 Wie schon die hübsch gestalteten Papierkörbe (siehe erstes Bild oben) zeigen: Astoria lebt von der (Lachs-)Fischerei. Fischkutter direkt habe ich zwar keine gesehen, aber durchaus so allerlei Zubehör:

# # # #

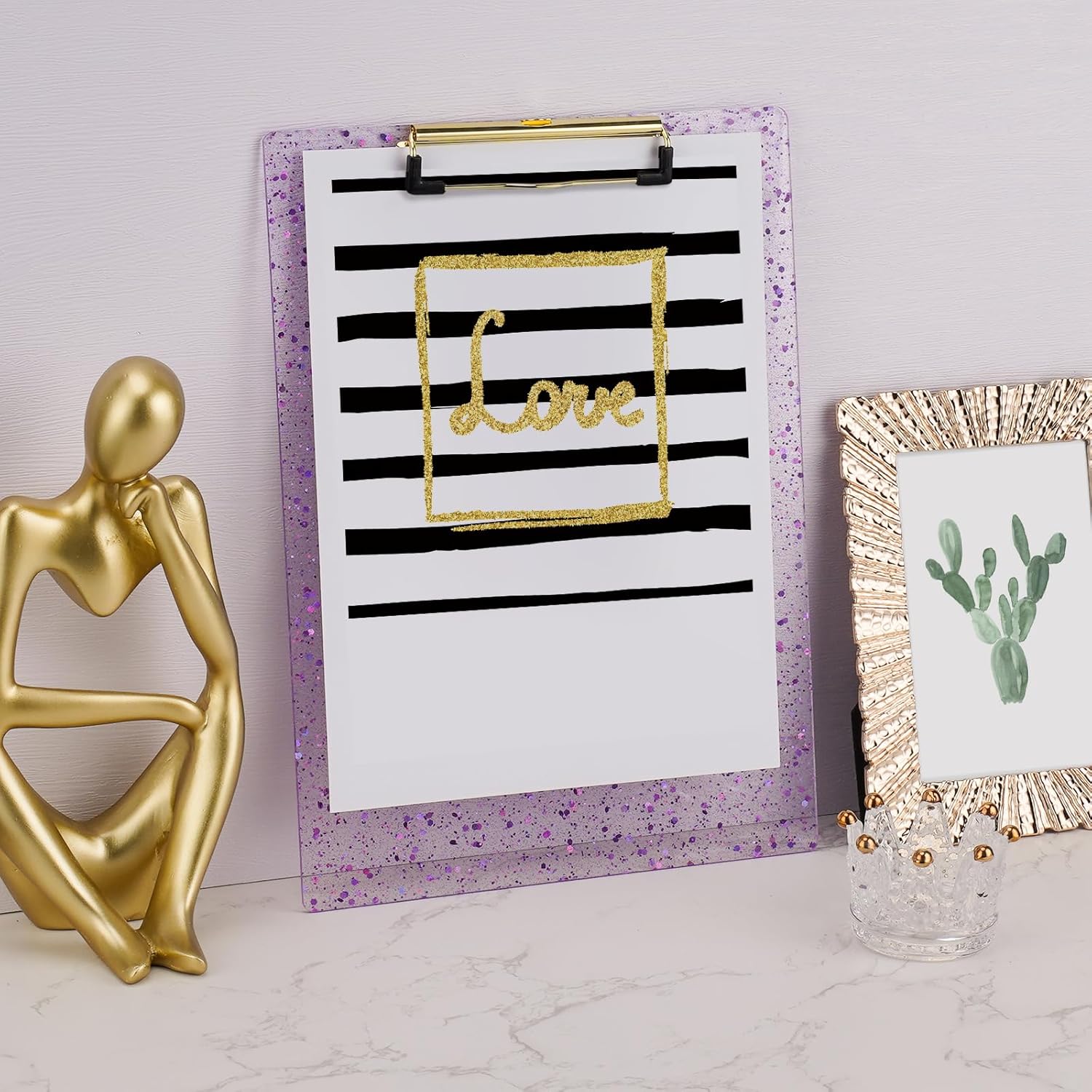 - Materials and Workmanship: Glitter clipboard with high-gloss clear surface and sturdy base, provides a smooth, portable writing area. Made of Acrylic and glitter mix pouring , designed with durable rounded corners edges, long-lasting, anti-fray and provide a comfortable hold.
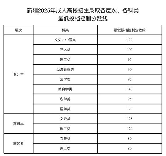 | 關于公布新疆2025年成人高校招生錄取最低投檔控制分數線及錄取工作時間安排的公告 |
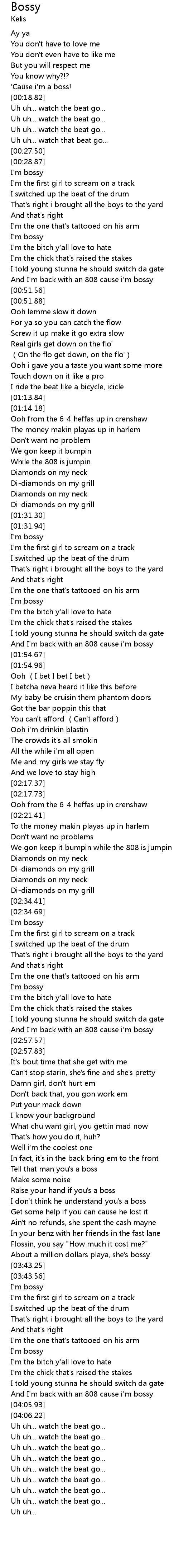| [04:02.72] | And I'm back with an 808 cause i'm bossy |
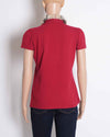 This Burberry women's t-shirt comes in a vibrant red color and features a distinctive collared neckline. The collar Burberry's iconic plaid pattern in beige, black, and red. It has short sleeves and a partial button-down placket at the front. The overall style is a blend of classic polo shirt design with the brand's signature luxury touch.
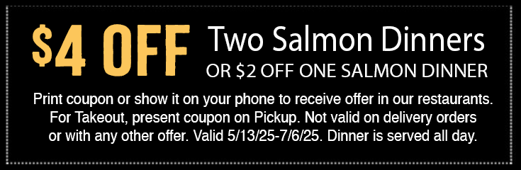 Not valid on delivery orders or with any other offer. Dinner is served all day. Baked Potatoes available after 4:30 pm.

# # # #

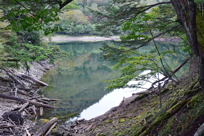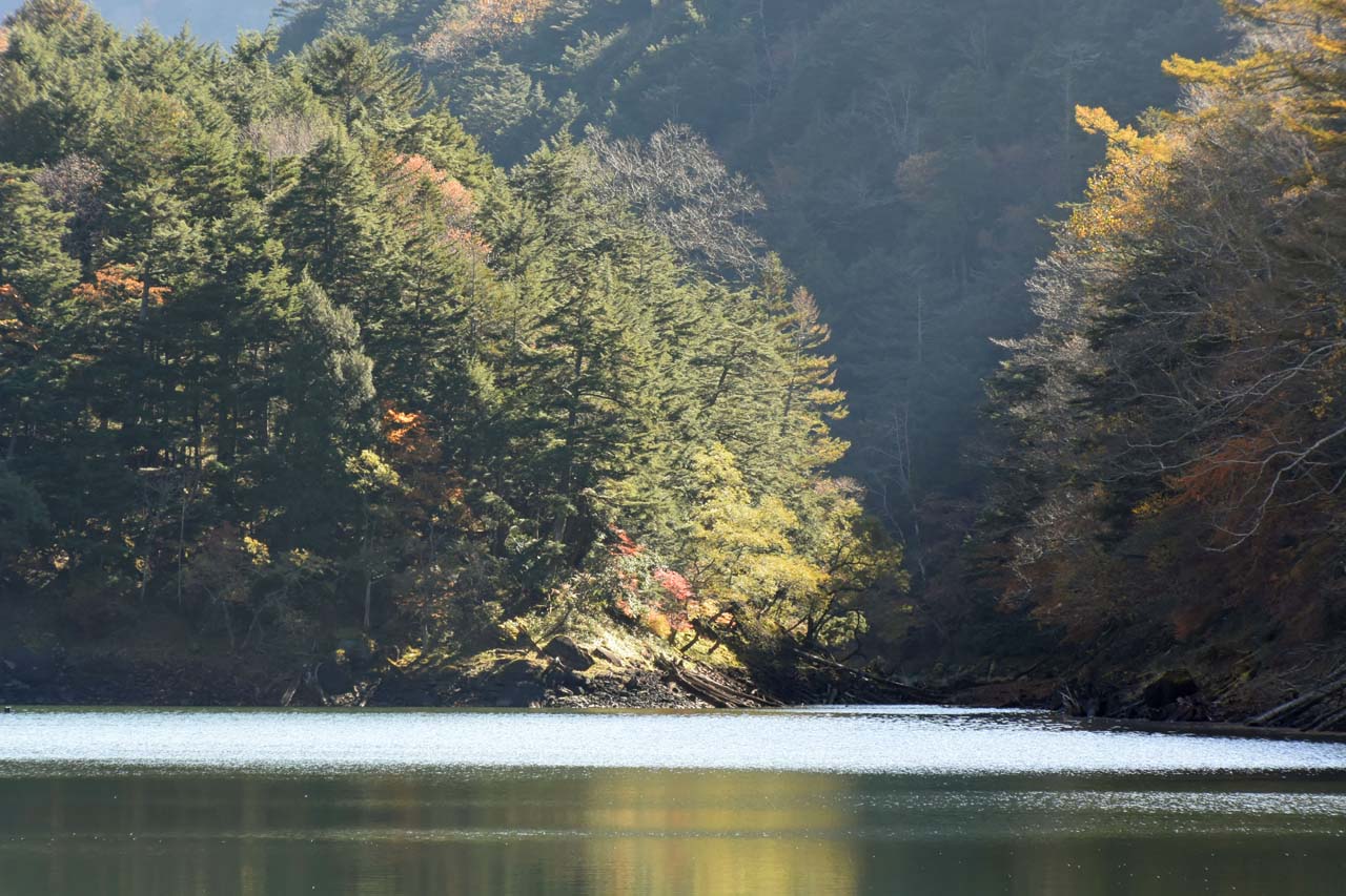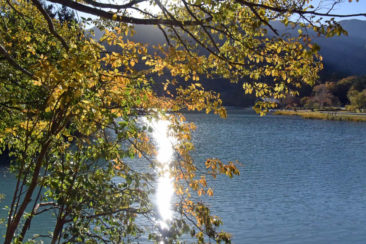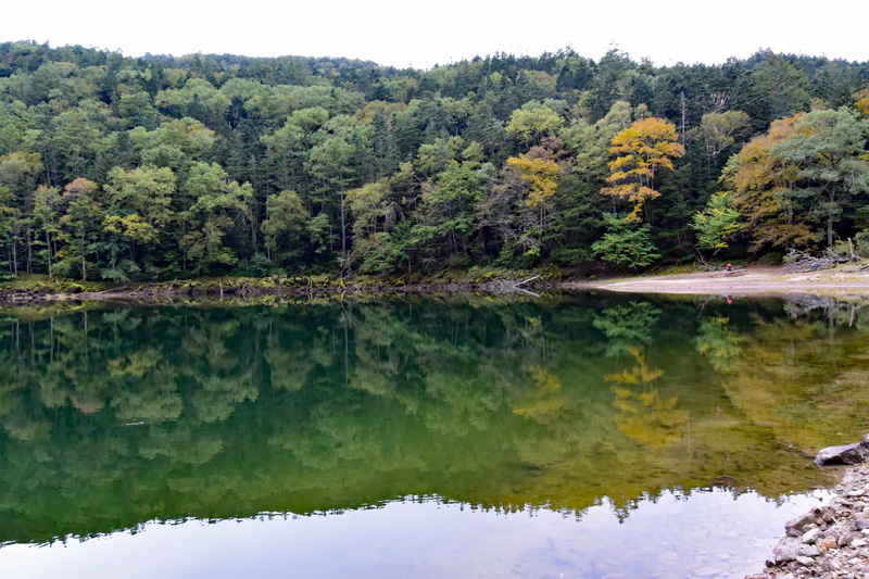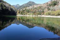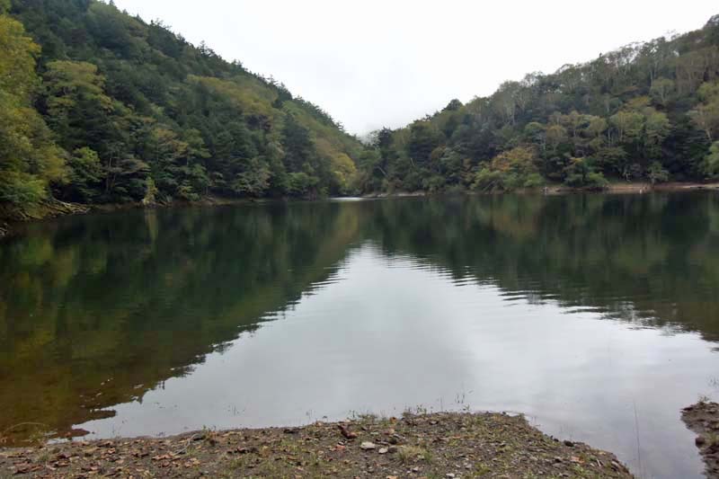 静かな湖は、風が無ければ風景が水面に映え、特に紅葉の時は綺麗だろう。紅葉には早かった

# # # #

## What the task asks
With the pictures omitted, restate word for word the lines above from the line that has "This Burberry women's" up to and including the line that has "Not valid on", and no other lines.

## Exercise result
 This Burberry women's t-shirt comes in a vibrant red color and features a distinctive collared neckline. The collar Burberry's iconic plaid pattern in beige, black, and red. It has short sleeves and a partial button-down placket at the front. The overall style is a blend of classic polo shirt design with the brand's signature luxury touch.
 Not valid on delivery orders or with any other offer. Dinner is served all day. Baked Potatoes available after 4:30 pm.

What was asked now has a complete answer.